Золотцев прихлопнул ладонью полированную поверхность стола.
— Передо мной была поставлена главная задача: встретиться в Атлантике с американцами и провести совместный эксперимент. Генеральная задача! Поначалу к нам приписали большой, как раз по целям работ, отряд гидрологов. А потом его пришлось сокращать, потому что… — Золотцев принялся загибать пальцы:
— …Потому что обязали взять группу геологов и геофизиков — договоренность с итальянцами. Так сказать, государственные интересы. Это раз! Коли взяли геологов, без геоморфолога не обойтись. И без геохимиков тоже. Значит, плюс еще трое. Далее… Приказ непосредственно из президиума — академик Солюс с помощницей. Как отказать? Мировая величина! А раз оказались два биолога, к ним прилипли еще трое, они, эти биологи, как цыгане — один за одного. Дополнительно к ним еще двоих — по линии Минздрава. Тех самых, на которых зол капитан…
Золотцев снова взглянул на Бунича, но лицо того было непроницаемым.
— А что делать? — Начальник экспедиции устало откинулся в кресле. — Могли ли мы отказать, если замминистра просил? Важный эксперимент в интересах фармакологии! Ко всему прочему, чуть ли не в самый последний момент предложили еще двоих — Чуваева и Кисина. Кто предложил — неважно. Те, кому отказывать не принято. Физики! Великий эксперимент задумали проводить. Десять дней по их милости проторчим в море на одном месте. Не корабль, а Ноев ковчег: каждой твари по паре.
— Да еще кинооператора подсунули, — добавил Бунич.
— Это уж, извините, моя личная инициатива, — нахмурился Золотцев. — Здесь, дорогие мои, политика. Большая политика! А нам с политикой надобно считаться. Киностудия попросила, и я удовлетворил.

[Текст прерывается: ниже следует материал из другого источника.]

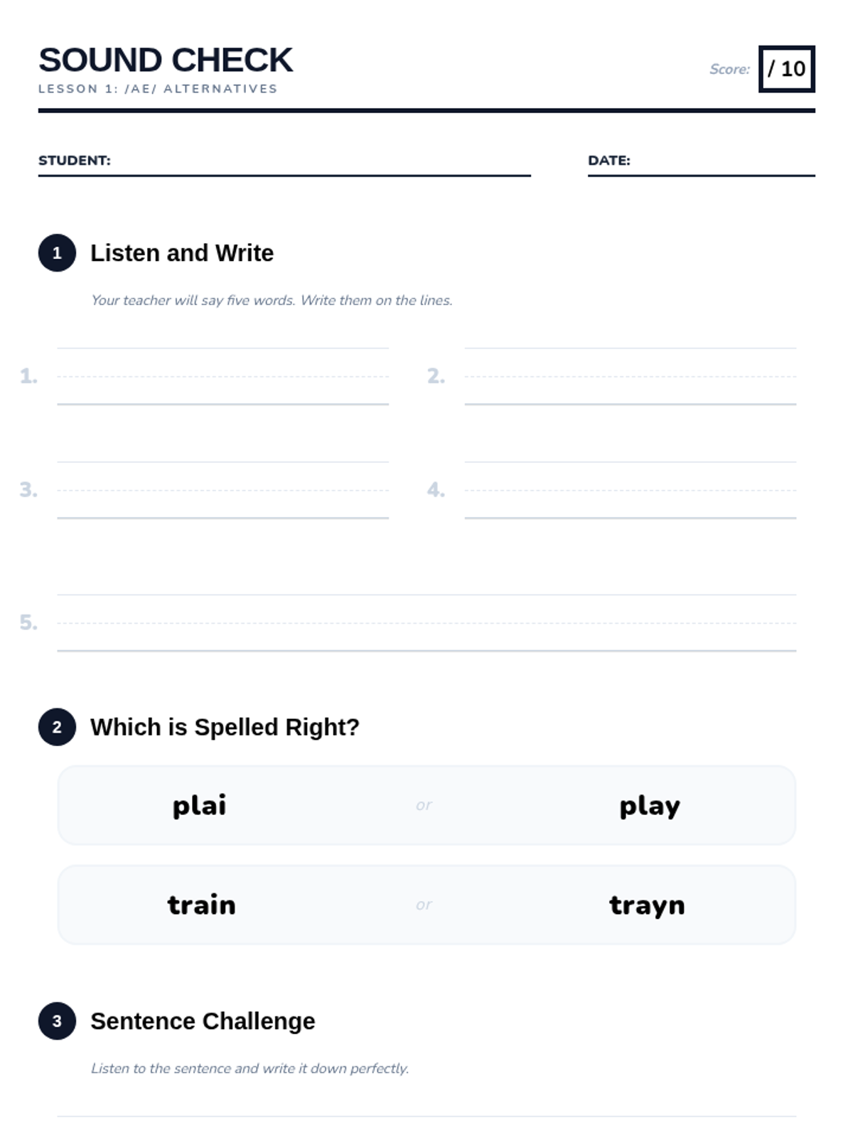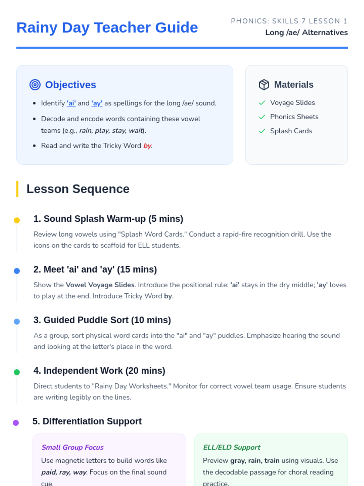A comprehensive teacher's guide for the Long /ae/ sounds lesson, featuring objectives, a step-by-step instructional sequence, assessment strategies, and common misconceptions for teaching 'ai' and 'ay' spellings.
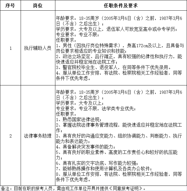 说明:每位应聘人员只能报考1个岗位。
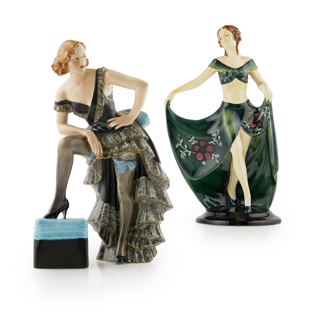 modelled as a showgirl, printed and painted marks to base SPECIALLY PRODUCED BY ROYAL CROWN DERBY, 26cm high; and an ART DECO GOLDSCHEIDER STYLE CERAMIC FIGURE, moulded mark to base 765, 31.5cm high (2)
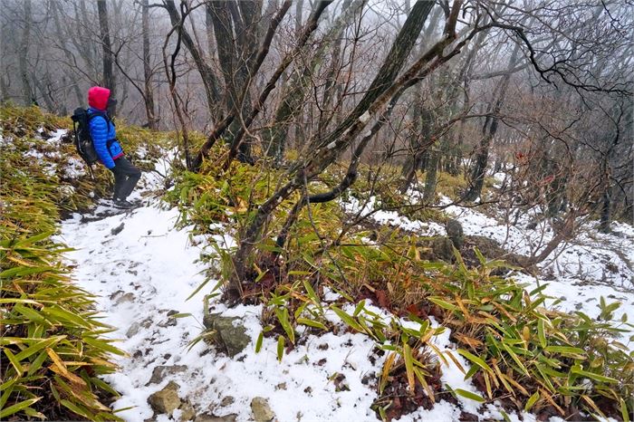 흩어졌다 모이기를 반복하는 안개와 두껍게 쌓인 눈으로 인해 길을 분간하기 어려워 발길을 되돌릴 수밖에 없었지만, 함박등에 오르는 것만도 영축산의 장엄한 멋을 실감하기에 부족함이 없었다.
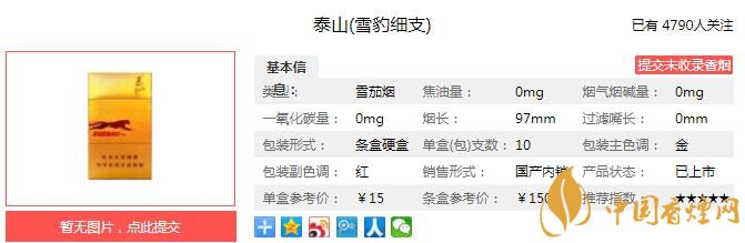 三、泰山雪豹細支香煙參數
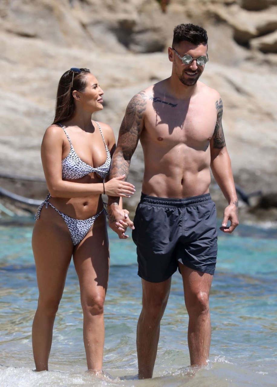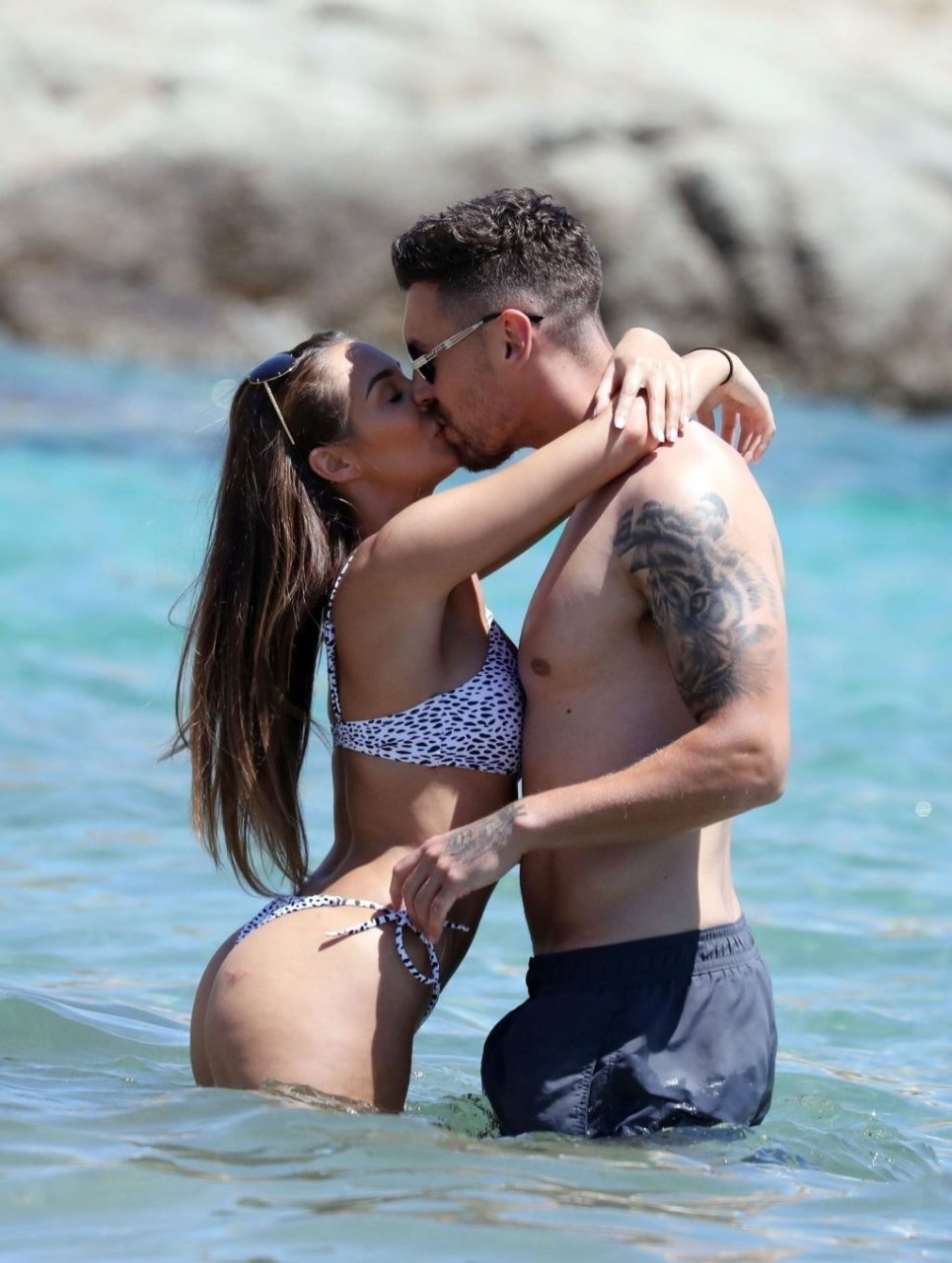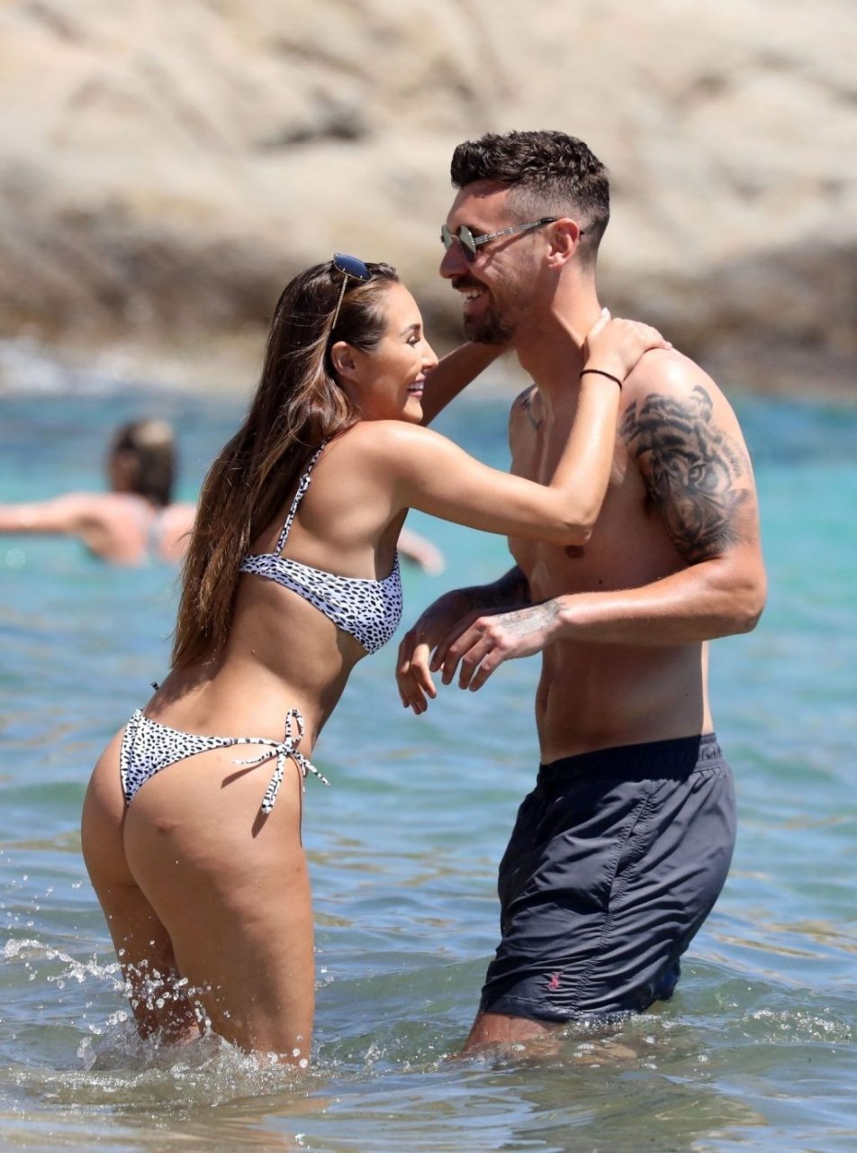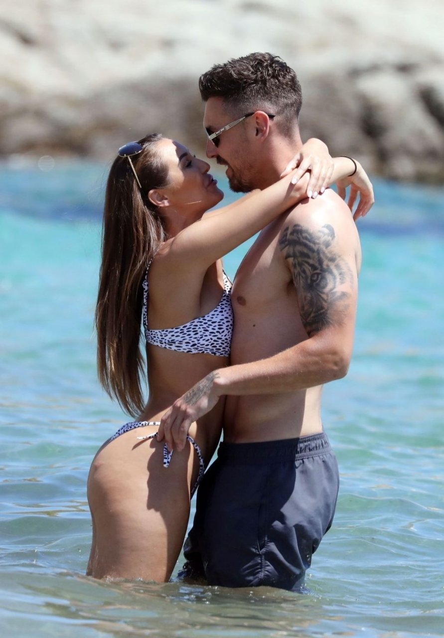 Reality star Chloe Goodman e o jogador de futebol do QPR Grant Hall fotografados em suas férias ao sol em Mykonos, 16/05/2019. O casal parecia estar sentindo o amor enquanto se abraçavam e compartilhavam alguns beijos enquanto brincavam na água.

И этот о политике! Почему студия сама не пошлет оператора в командировку? У кино денег много. Зачем отнимать у кого-то из исследователей место на научном корабле? Три месяца будут возить лишнего человека! И тут же Смолин поймал себя на мысли: а он сам разве не лишний? Ведь его тоже навязали экспедиции «сверху», те, кому, как заметил Золотцев, не принято отказывать. У Смолина нет никакой программы по рейсу. Даже к отряду условно приписан. Сиди у иллюминатора, дыши морским воздухом и марай бумагу великими теоретическими опусами.
— Вот и меня вам вроде бы силком…
Золотцев предостерегающе поднял руку:
— Бог с вами, голубчик Константин Юрьевич! Для нас вы — находка! В экспедиции такая фигура, как вы, — благо. Мы к вам за советами будем ходить. А самое главное — работайте вволю над своей концепцией. Она стоит наших научных потуг. Мы для вас…
В это время снова раздался стук в дверь. В каюту вошла молодая женщина в элегантном джинсовом комбинезончике, с рулоном бумаги в руках.
— Можно, Всеволод Аполлонович?
— Конечно! Конечно! — вспыхнул радостной улыбкой Золотцев. — Для вас, душенька, всегда можно.
«Душенька» расстелила на столе лист факсимильной синоптической карты. Золотцев и капитан склонились над картой, а Смолин, сидевший в сторонке, присмотрелся к незнакомке.
По годам за тридцать, красиво уложенные, темно-русые волосы кое-где тронуты как бы легкой изморозью, прожилками модной седины. Тонкие черты лица, большие серые, влажно блестящие глаза.
«Нет, Золотцев не совсем прав, — подумал Смолин, — таких женщин стоит брать в дальние рейсы. Именно таких!»
— …Вот отсюда, как видите, с северо-востока идет циклон. К ночи возможно усиление ветра до двадцати метров…
— С северо-востока? — переспросил капитан. — Значит, отжимной?
— Отжимной.
Капитан подвигал крепкими скулами то ли озабоченно, то ли удовлетворенно.
— Ночью в порывах может случиться и до тридцати, — продолжала женщина.
— В ко́рму будет… — заключил капитан.